Eines der Haupthindernisse für das geplante Wachstum könnte der Fachkräftemangel sein. Da das regionale Arbeitskräftepotenzial begrenzt ist, wird Sachsen verstärkt auf Zuwanderung angewiesen sein – und zwar nicht nur aus Deutschland, sondern auch aus anderen europäischen Ländern und darüber hinaus. Die Halbleiterindustrie, die international vernetzt ist, bietet hierfür beste Voraussetzungen. Ein interessantes Land, wo um Fachkräfte geworben werden sollte, sei Indien. „Denn Indien baut eine eigene Chipindustrie auf. Das erleichtert indische Fachkräfte nach Auslandsaufenthalten die Rückkehr in die Heimat“, erläuterte Bovenschulte. Die Wirtschaftsförderung Sachsen will eine Vertretung in dem bevölkerungsreichsten Land der Welt aufbauen.
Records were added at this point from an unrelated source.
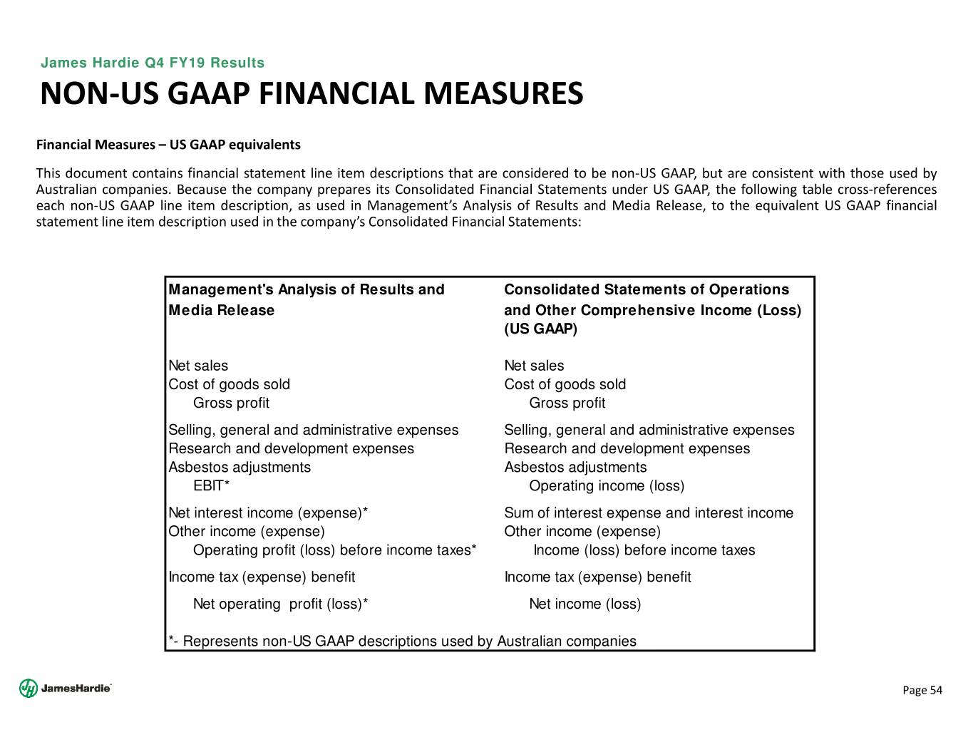 James Hardie Q4 FY19 Results NON-US GAAP FINANCIAL MEASURES Financial Measures – US GAAP equivalents This document contains financial statement line item descriptions that are considered to be non-US GAAP, but are consistent with those used by Australian companies. Because the company prepares its Consolidated Financial Statements under US GAAP, the following table cross-references each non-US GAAP line item description, as used in Management’s Analysis of Results and Media Release, to the equivalent US GAAP financial statement line item description used in the company’s Consolidated Financial Statements: Management's Analysis of Results and Consolidated Statements of Operations Media Release and Other Comprehensive Income (Loss) (US GAAP) Net sales Net sales Cost of goods sold Cost of goods sold Gross profit Gross profit Selling, general and administrative expenses Selling, general and administrative expenses Research and development expenses Research and development expenses Asbestos adjustments Asbestos adjustments EBIT* Operating income (loss) Net interest income (expense)* Sum of interest expense and interest income Other income (expense) Other income (expense) Operating profit (loss) before income taxes* Income (loss) before income taxes Income tax (expense) benefit Income tax (expense) benefit Net operating profit (loss)* Net income (loss) *- Represents non-US GAAP descriptions used by Australian companies. Page 54
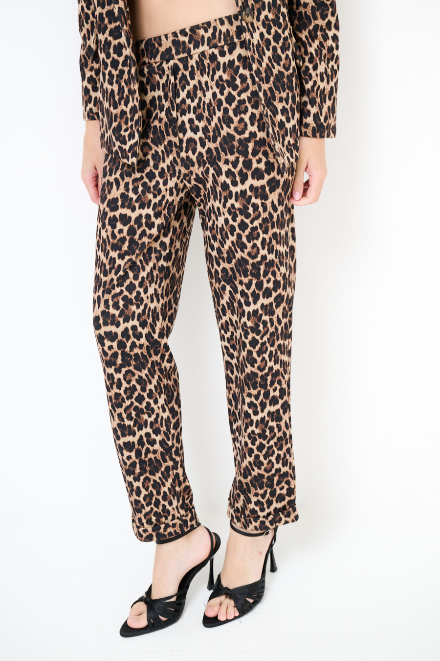 Pantalone basic slim maculato elasticizzato con fascione elastico in vita e risvolto sul fondo.
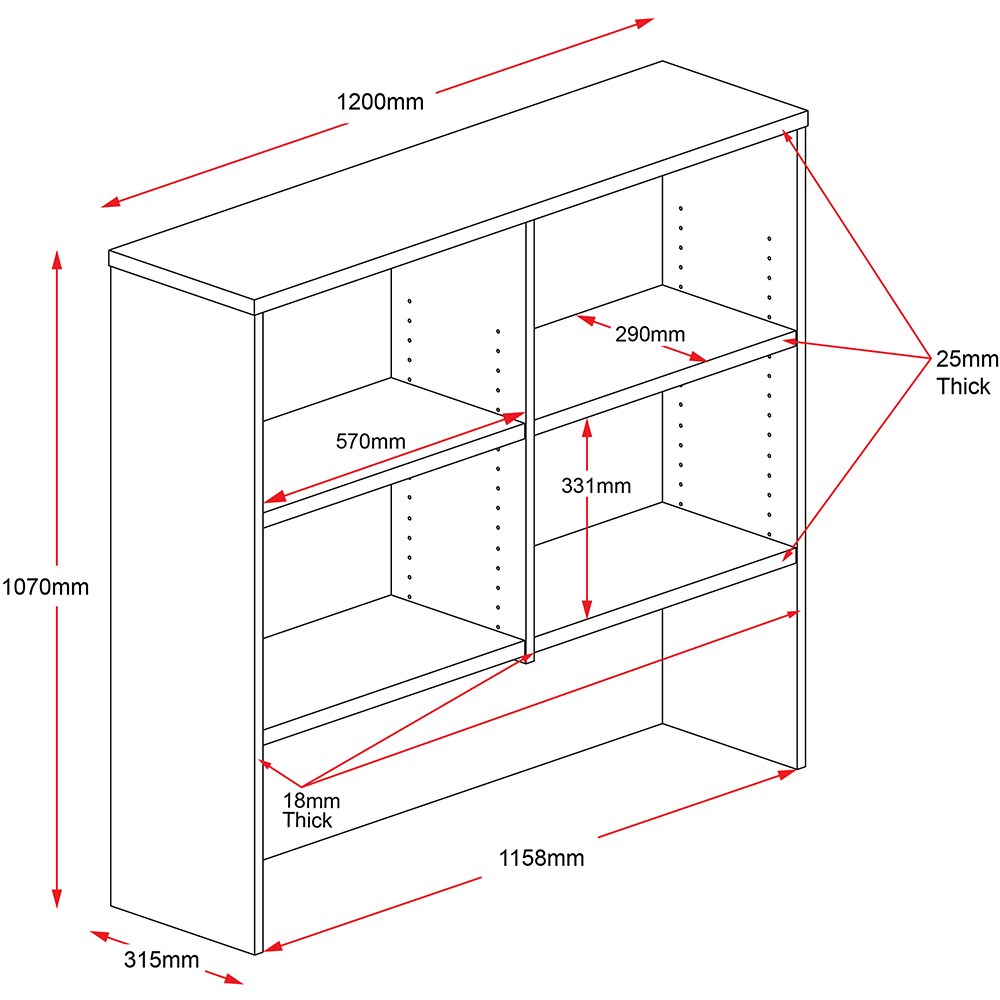• The hutch comes with adjustable shelves and a space for a monitor under the shelves to maximise desk space, and clear clutter from the desk top.

Die Halbleiterindustrie Sachsens ist bereits heute stark exportorientiert, und die Bedeutung der Exporte wird in den kommenden Jahren voraussichtlich noch zunehmen. Schätzungen zufolge könnte der Anteil der Exporte am Bruttoinlandsprodukt bis 2035 auf etwa 36 Prozent ansteigen, was zeigt, wie sehr Sachsen auch international eine Rolle spielen wird.
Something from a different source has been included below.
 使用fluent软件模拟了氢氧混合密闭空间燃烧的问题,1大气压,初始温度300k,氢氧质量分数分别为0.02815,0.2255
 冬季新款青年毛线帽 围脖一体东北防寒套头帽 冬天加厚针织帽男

Ausblick: Sachsen als innovativer Hightech-Standort

Die Zukunft der sächsischen Halbleiterindustrie sieht vielversprechend aus. Durch Automatisierung und Fortschritte im Maschinenbau – einer sächsischen Stärke – könnte der Standort auch langfristig wettbewerbsfähig bleiben, selbst in einem Hochlohnland wie Deutschland. Ein weiterer Schwerpunkt für die kommenden Jahre wird das Chip-Design sein, das innovative Anwendungen in Bereichen wie Künstlicher Intelligenz unterstützen kann.

„Es ist richtig, auf das Thema Halbleiter zu setzen. Die Subventionen sind strategische Investitionen des Staates“, betonte Sachsens Wirtschaftsminister Martin Dulig (SPD). Jetzt komme es darauf an, dass der Freistaat vorbereitet sei bei den drei großen Herausforderungen: Verfügbarkeit von Flächen, Fachkräften und Facilities. Dulig schlägt vor, eine Metropolregion zu definieren und zu gründen, um diese „3F“-Herausforderungen gemeinsam anzugehen.